Un papier affiché à l’entrée prévient charitablement les spectateurs : vu la durée du spectacle – près de cinq heures sans entracte –, il est possible de sortir et de rentrer dans la salle tout au long de la représentation. Comme en outre les lumières restent allumées, on n’est pas obligé de se frayer un chemin dans le noir. On précisera encore que, compte tenu du rythme de l’action et de la lenteur du phrasé des acteurs, un aller-retour aux toilettes (« Une affaire pressante m’oblige de partir d’ici […] »), n’aura pas de conséquence fâcheuse : aucun danger de rater une scène, avec un peu de chance on peut même revenir avant la fin de la réplique, voire de la phrase : « […] vous aurez de mes nouvelles avant qu’il soit demain au soir ». C’est dire si ce Dom Juan prend son temps pour aller en enfer, comme si la metteuse en scène Marie-José Malis avait fait programme du vers fameux de Polyeucte : « Et le désir s’accroît quand l’effet se recule. »
Drôle d’idée quand même que de ralentir à ce point les choses, comme si des vérités nouvelles devaient en surgir. Marie-José Malis en est coutumière. La dilatation du temps fonctionnait bien dans Le Prince de Hombourg, qu’elle a monté en 2009 : la dimension somnambulique de la pièce et de son personnage principal, interprété par Victor Ponomarev, s’y prêtaient. Pari réussi encore avec On ne sait comment de Pirandello, en 2011, traitée à la façon d’un cauchemar philosophique –l’exigence de vérité comme source de catastrophe – dont on entendait toutes les nuances, la metteuse en scène assumant jusqu’au bout un parti pris de « sincérité », tant dans le traitement des personnages que dans le refus de ruser avec les spectateurs, témoins d’un théâtre sans artifices.
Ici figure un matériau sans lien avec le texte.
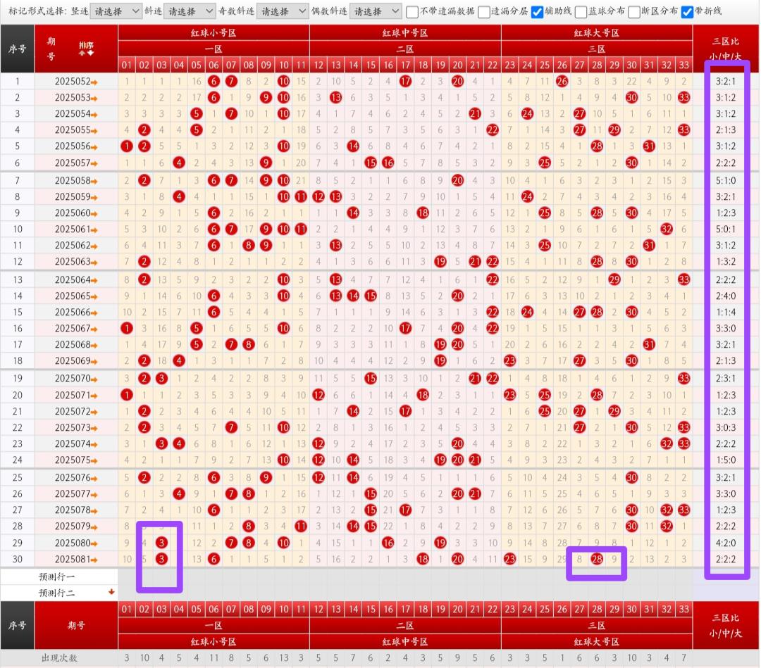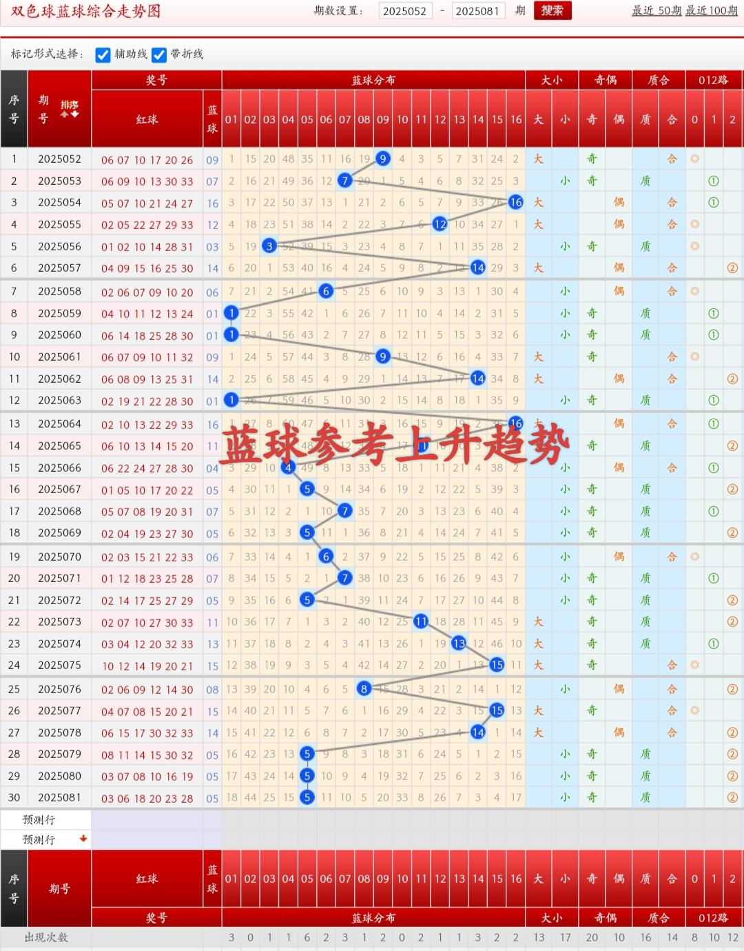 红球综合方面:一区为【01到11】,二区为【12到22】,三区为【23到33】,上期开出三区比为2:2:2,一区出号二个,二区出号二个,三区出号二个,最近几期一区和二区出号较多较热,本期需要注意一下一区和二区出号继续走热,通过最近七期数据二区出号个数比较多需要注意一下二区出号继续走热,综合最近30期数据分析此形态一共开出过四次,开出过次数较多较热,本期可断此形态,082期应该不会有断区出现,需要防一区和二区出号继续走热,上期龙头开出03为重复走势出号,龙头出号偏小,本期龙头需要注意防下降走势出号看好小数出号,上期凤尾开出28为上升走势出号,上期龙头和凤尾形成首尾跨度为25,本期需要注意凤尾上升趋势,本期重点关注一下凤尾3字头继续开出,本期需要注意龙头下降走势出号,凤尾上升趋势出号

Mais la naïveté radicale ne fonctionne pas à tous les coups. Hypérion de Hölderlin, créé au festival d’Avignon 2014, tenait de la forteresse vide : on n’y entendait rien, comme si toutes les voies d’accès avaient été murées. Dom Juan résiste mieux au traitement : la durée n’est pas forcément synonyme d’ennui, la dimension comique du couple Dom Juan-Sganarelle est là, etc. Reste quand même un souci. Ou un hiatus. Marie-José Malis le rappelle opportunément dans le programme : Dom Juan est une « pièce moderne, heurtée, fiévreuse et méchante et burlesque, qui fut écrite en 15 jours ! ». Toutes choses que l’on ne retrouve guère dans sa mise en scène, où fièvre, méchanceté, gaité, spontanéité et modernité semblent corsetées, figées dans une forme de maniérisme.
La façon dont elle envisage le personnage ne va par ailleurs pas de soi. Ni violeur ni cynique, il serait plutôt un champion de « l’immanence […] un homme de la rencontre entièrement à la disposition de l’autre […] un type qui rend hommage à la dignité ou à la singularité de chacun ». Admettons… encore faut-il, quelle que soit la nature du désir que l’on prête à dom Juan, que son pouvoir de séduction opère. « Il y a d’abord tout un travail premier où il faut casser la convention », dit la metteuse en scène, en évoquant la façon dont elle a dirigé ses acteurs. Juan Antonio Crespillo, qui interprète le rôle, est en effet un séducteur en rupture, témoin de lui même autant qu’acteur, plus don Quichotte mélancolique que libertin flamboyant. Une figure de solitaire – c’est loin d’être absurde –, mais pour le coup pas du tout « l’homme de la rencontre » évoqué par la metteuse en scène.
L’immanence et la séduction, on les trouve ailleurs, dans une scène où non seulement la convention n’a pas été cassée, mais où elle est prise au pied de la lettre. Ce n’est pas la plus facile à jouer de la pièce, les deux personnages – Pierrot et Charlotte – s’exprimant dans un patois paysan pas simple à endosser pour des comédiens d’aujourd’hui. Victor Ponomarev et Sandrine Rommel jouent ça franco, avec l’accent et sans peur du ridicule, et c’est une des seules fois du spectacle où désir, amour et gaité sont au rendez-vous. Le vrai séducteur, c’est Pierrot: les grands textes recèlent décidément d’inépuisables trésors d’interprétation.